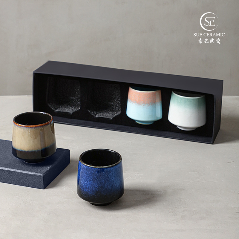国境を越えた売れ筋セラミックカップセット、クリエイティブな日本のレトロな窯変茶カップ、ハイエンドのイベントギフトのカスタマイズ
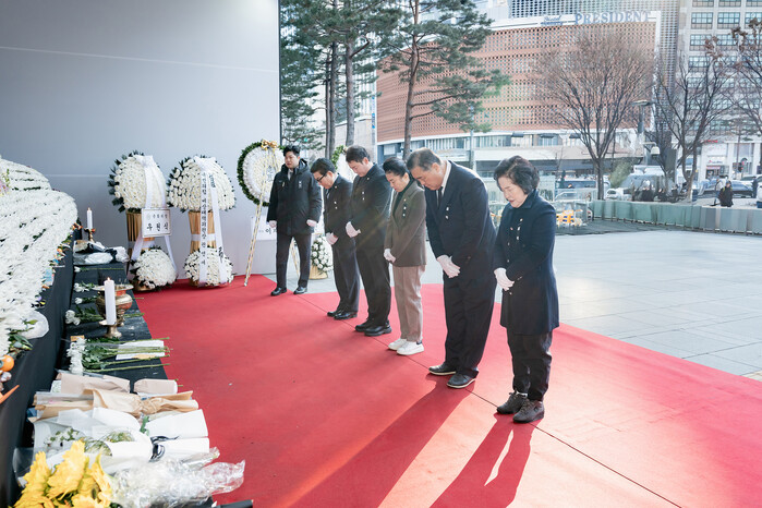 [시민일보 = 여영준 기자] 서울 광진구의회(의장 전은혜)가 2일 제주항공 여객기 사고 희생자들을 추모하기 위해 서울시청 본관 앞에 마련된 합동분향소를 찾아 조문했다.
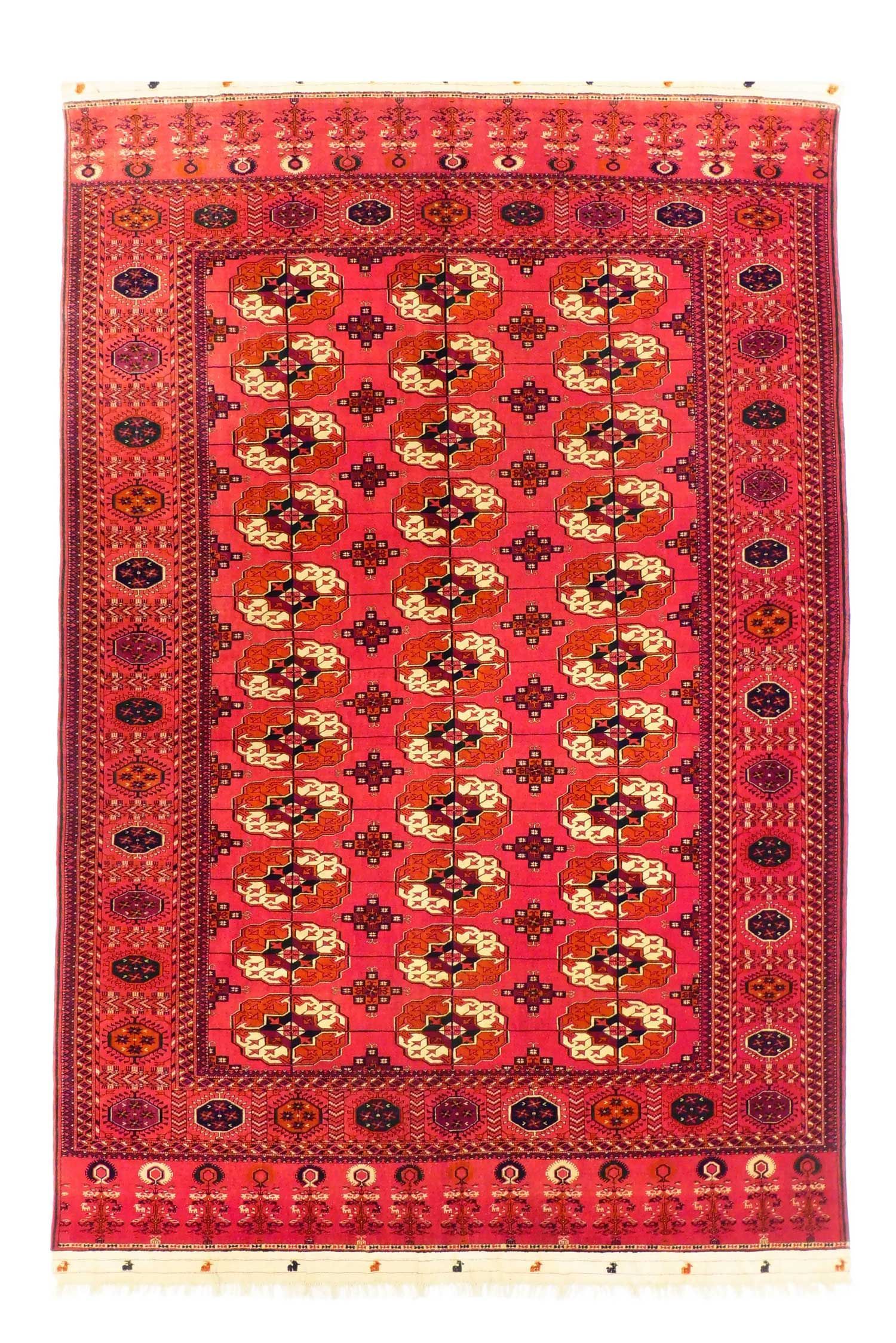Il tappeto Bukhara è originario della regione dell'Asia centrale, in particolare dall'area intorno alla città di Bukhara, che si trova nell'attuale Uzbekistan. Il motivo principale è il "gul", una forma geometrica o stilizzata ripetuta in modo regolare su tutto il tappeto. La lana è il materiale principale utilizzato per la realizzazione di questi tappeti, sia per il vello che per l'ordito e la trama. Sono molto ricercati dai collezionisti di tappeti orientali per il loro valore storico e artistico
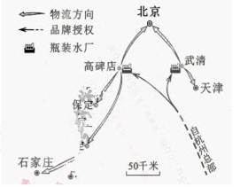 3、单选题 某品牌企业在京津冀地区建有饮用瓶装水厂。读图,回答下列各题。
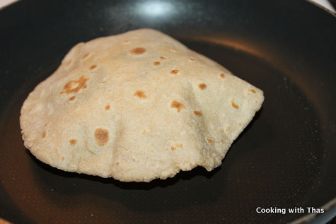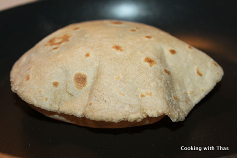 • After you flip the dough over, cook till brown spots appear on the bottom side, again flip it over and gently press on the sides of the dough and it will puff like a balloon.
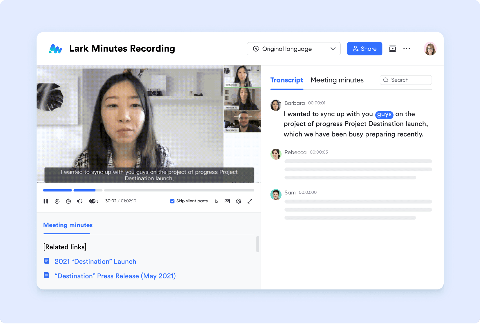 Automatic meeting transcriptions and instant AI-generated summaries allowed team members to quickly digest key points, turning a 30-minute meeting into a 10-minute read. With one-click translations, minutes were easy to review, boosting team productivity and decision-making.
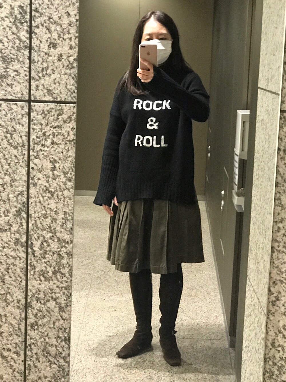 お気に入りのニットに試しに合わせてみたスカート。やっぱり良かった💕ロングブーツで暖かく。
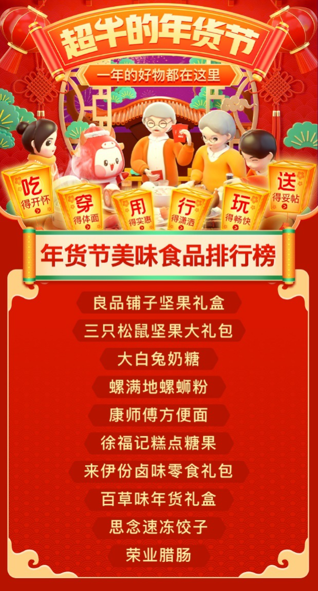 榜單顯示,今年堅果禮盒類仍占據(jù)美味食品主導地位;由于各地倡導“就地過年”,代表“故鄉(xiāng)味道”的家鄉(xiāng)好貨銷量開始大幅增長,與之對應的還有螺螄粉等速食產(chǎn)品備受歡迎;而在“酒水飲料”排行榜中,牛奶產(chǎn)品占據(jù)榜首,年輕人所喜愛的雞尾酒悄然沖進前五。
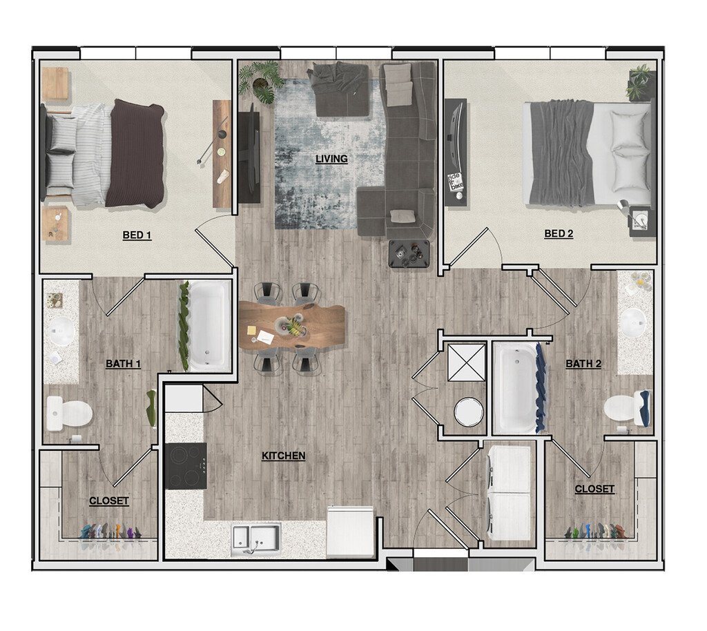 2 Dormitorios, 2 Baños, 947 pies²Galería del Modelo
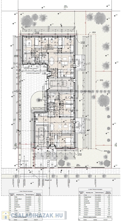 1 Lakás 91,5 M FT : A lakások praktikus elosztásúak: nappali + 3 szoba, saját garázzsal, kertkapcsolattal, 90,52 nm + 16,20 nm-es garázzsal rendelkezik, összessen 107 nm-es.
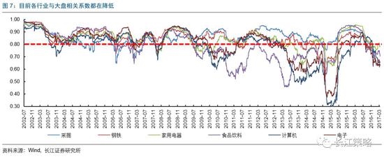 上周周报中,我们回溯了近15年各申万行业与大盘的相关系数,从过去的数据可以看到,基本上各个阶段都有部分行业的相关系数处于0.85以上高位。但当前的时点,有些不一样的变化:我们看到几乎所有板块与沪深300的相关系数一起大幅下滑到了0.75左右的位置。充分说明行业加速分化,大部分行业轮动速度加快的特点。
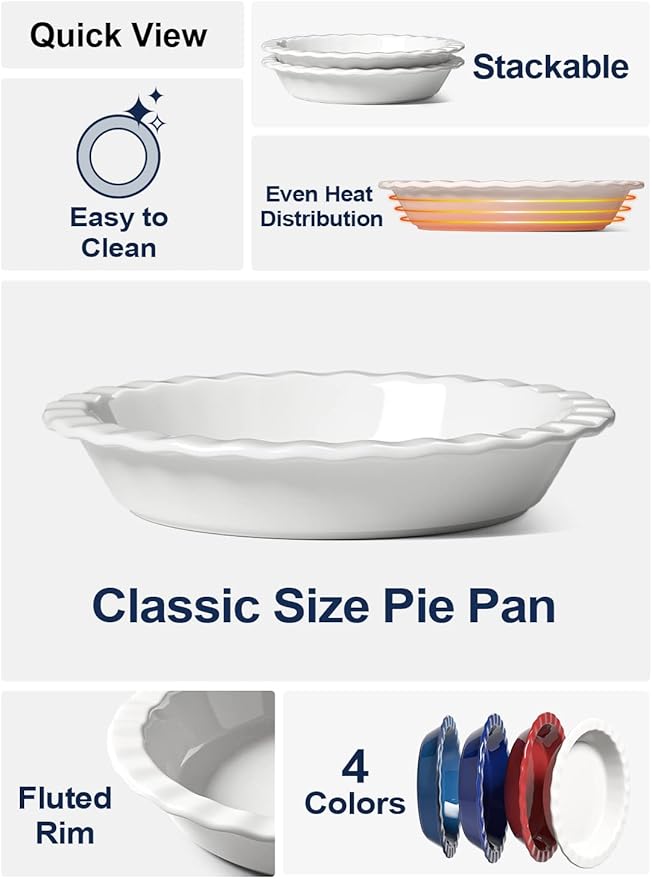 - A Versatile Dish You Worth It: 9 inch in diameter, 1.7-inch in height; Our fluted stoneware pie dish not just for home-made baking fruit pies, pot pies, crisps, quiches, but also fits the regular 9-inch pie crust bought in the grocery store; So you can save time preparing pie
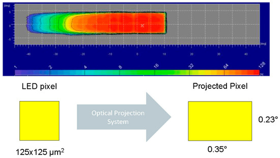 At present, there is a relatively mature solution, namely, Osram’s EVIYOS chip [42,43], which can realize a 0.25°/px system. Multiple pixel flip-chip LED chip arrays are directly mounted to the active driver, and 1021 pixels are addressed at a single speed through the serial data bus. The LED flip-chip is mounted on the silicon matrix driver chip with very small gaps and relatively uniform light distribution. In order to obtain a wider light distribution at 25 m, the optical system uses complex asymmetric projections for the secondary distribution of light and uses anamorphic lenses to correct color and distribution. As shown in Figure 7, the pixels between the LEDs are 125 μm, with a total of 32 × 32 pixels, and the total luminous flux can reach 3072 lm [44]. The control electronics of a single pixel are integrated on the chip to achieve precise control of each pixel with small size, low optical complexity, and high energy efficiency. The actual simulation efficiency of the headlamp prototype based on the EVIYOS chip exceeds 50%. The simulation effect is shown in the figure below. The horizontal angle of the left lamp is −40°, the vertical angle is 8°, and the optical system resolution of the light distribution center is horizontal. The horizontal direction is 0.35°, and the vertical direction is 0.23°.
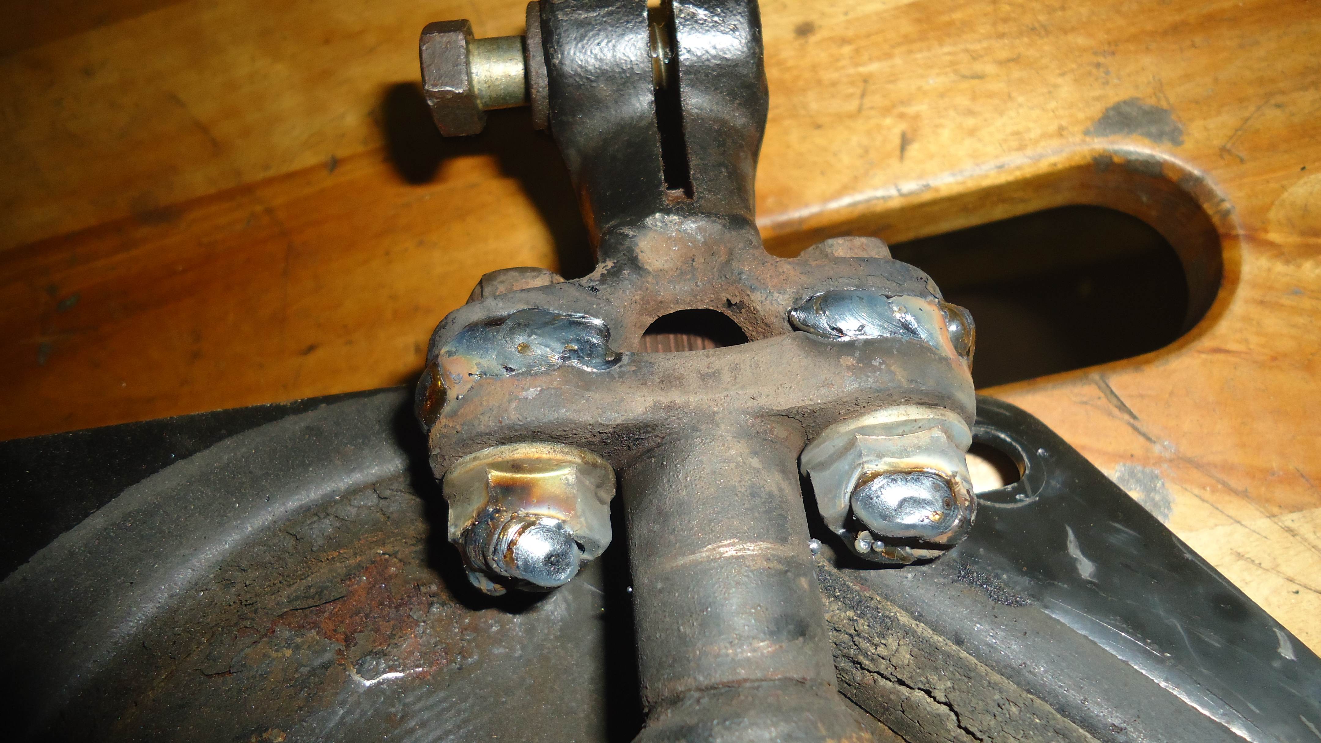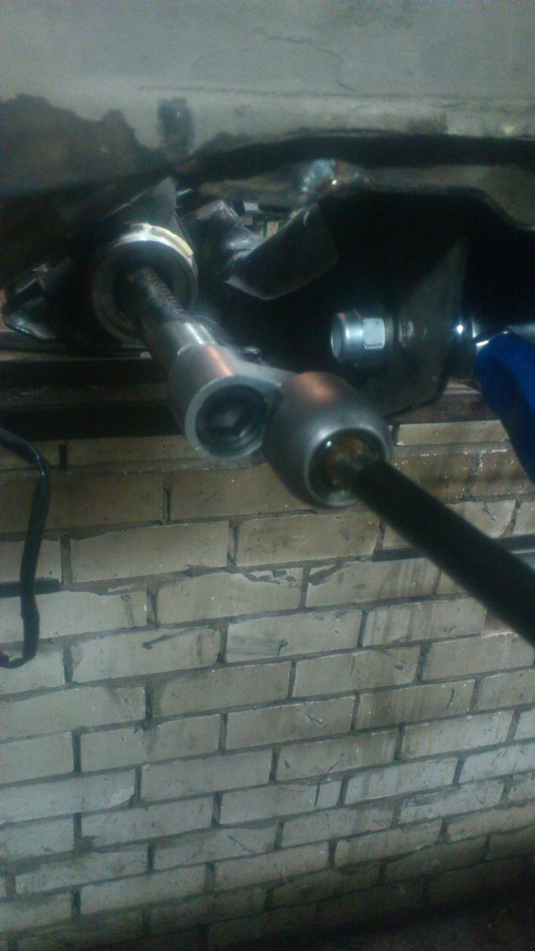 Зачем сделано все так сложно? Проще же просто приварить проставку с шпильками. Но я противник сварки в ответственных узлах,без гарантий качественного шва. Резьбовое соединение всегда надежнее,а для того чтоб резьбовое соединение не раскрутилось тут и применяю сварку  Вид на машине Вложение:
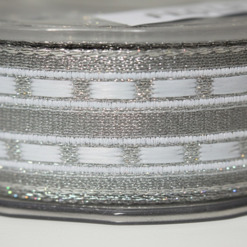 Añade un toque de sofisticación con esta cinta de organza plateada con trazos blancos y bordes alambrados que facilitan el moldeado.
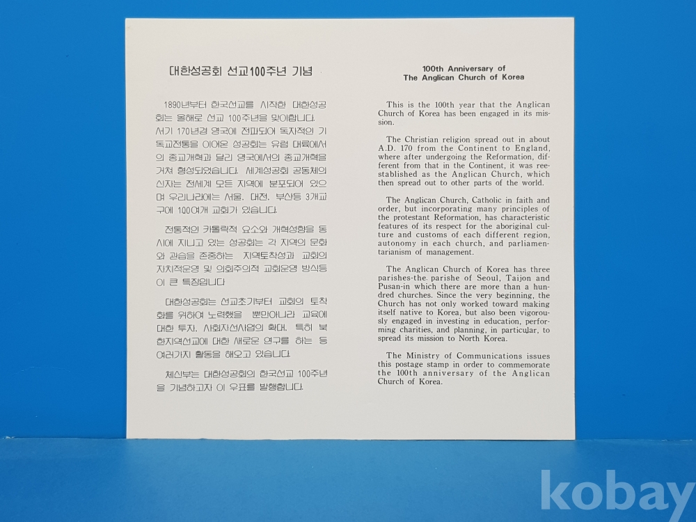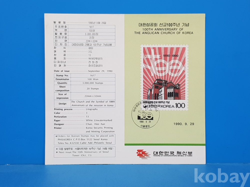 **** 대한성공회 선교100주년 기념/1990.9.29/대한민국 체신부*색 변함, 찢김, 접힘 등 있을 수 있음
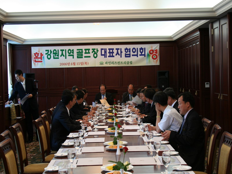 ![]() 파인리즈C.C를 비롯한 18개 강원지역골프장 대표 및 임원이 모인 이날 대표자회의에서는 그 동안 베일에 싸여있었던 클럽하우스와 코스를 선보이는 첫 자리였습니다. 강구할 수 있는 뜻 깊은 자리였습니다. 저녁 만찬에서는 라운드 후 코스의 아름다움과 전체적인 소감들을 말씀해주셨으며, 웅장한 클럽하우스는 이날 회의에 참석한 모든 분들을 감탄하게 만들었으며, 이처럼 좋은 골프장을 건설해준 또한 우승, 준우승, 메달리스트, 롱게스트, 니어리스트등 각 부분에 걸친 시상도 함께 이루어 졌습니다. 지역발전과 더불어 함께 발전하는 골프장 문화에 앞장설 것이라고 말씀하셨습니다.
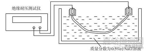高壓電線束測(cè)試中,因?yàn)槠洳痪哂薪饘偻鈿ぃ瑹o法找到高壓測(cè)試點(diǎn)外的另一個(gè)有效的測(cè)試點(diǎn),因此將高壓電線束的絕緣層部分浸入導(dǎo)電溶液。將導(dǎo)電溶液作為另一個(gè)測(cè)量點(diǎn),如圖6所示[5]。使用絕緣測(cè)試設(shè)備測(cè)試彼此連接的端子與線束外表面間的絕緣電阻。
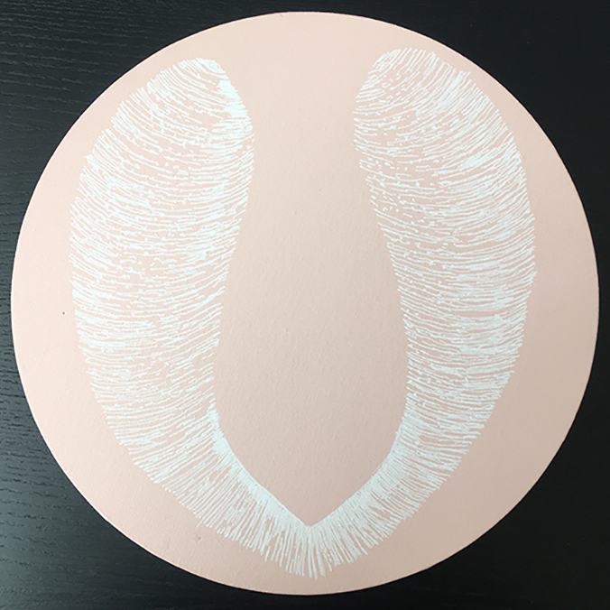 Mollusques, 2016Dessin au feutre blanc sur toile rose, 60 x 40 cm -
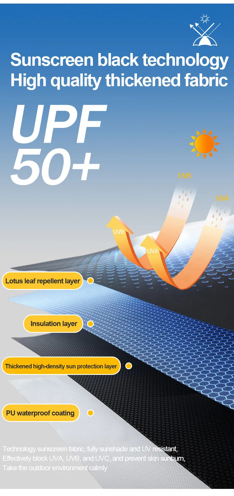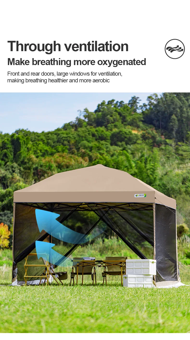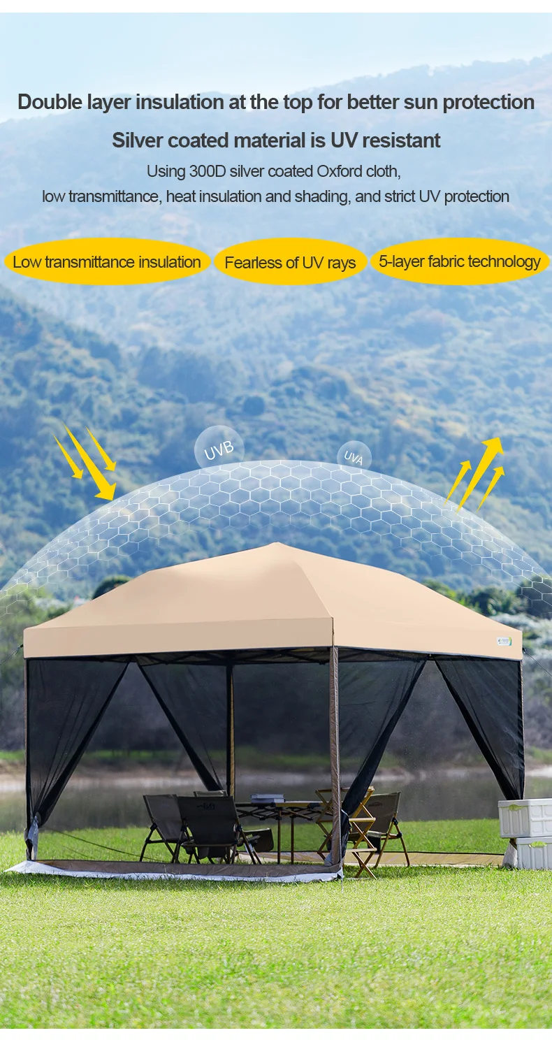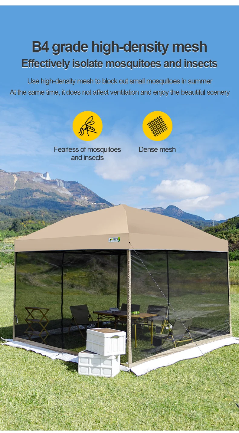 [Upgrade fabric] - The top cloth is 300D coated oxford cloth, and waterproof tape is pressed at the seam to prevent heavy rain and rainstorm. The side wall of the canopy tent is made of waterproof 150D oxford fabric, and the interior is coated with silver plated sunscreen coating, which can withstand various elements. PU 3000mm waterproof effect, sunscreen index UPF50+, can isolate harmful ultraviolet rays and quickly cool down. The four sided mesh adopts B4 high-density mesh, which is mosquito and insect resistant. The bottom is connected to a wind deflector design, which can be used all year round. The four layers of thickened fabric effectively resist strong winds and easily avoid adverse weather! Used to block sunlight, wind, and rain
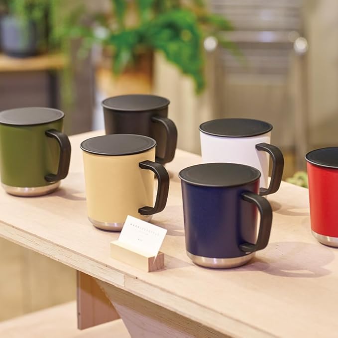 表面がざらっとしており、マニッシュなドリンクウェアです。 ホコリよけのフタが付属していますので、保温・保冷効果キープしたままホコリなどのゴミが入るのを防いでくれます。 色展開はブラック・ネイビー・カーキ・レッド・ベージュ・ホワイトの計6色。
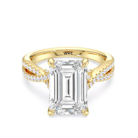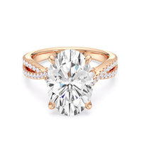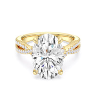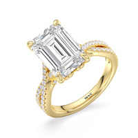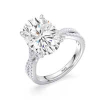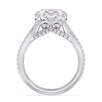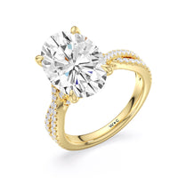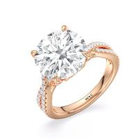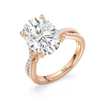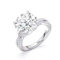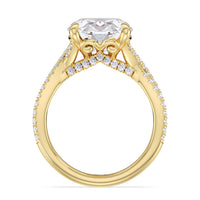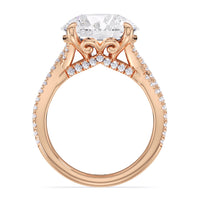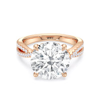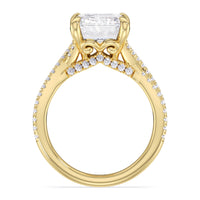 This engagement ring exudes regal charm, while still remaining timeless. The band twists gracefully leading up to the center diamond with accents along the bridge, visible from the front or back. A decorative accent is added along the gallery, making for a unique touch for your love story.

+ + + +

_Instructions to follow_: Would you reproduce, exactly and with nothing added, every line from the beginning of the entries above through the line that contains "[시민일보 = 여영준", both included, leaving out the pictures?

_Worked solution_:
国境を越えた売れ筋セラミックカップセット、クリエイティブな日本のレトロな窯変茶カップ、ハイエンドのイベントギフトのカスタマイズ
 [시민일보 = 여영준 기자] 서울 광진구의회(의장 전은혜)가 2일 제주항공 여객기 사고 희생자들을 추모하기 위해 서울시청 본관 앞에 마련된 합동분향소를 찾아 조문했다.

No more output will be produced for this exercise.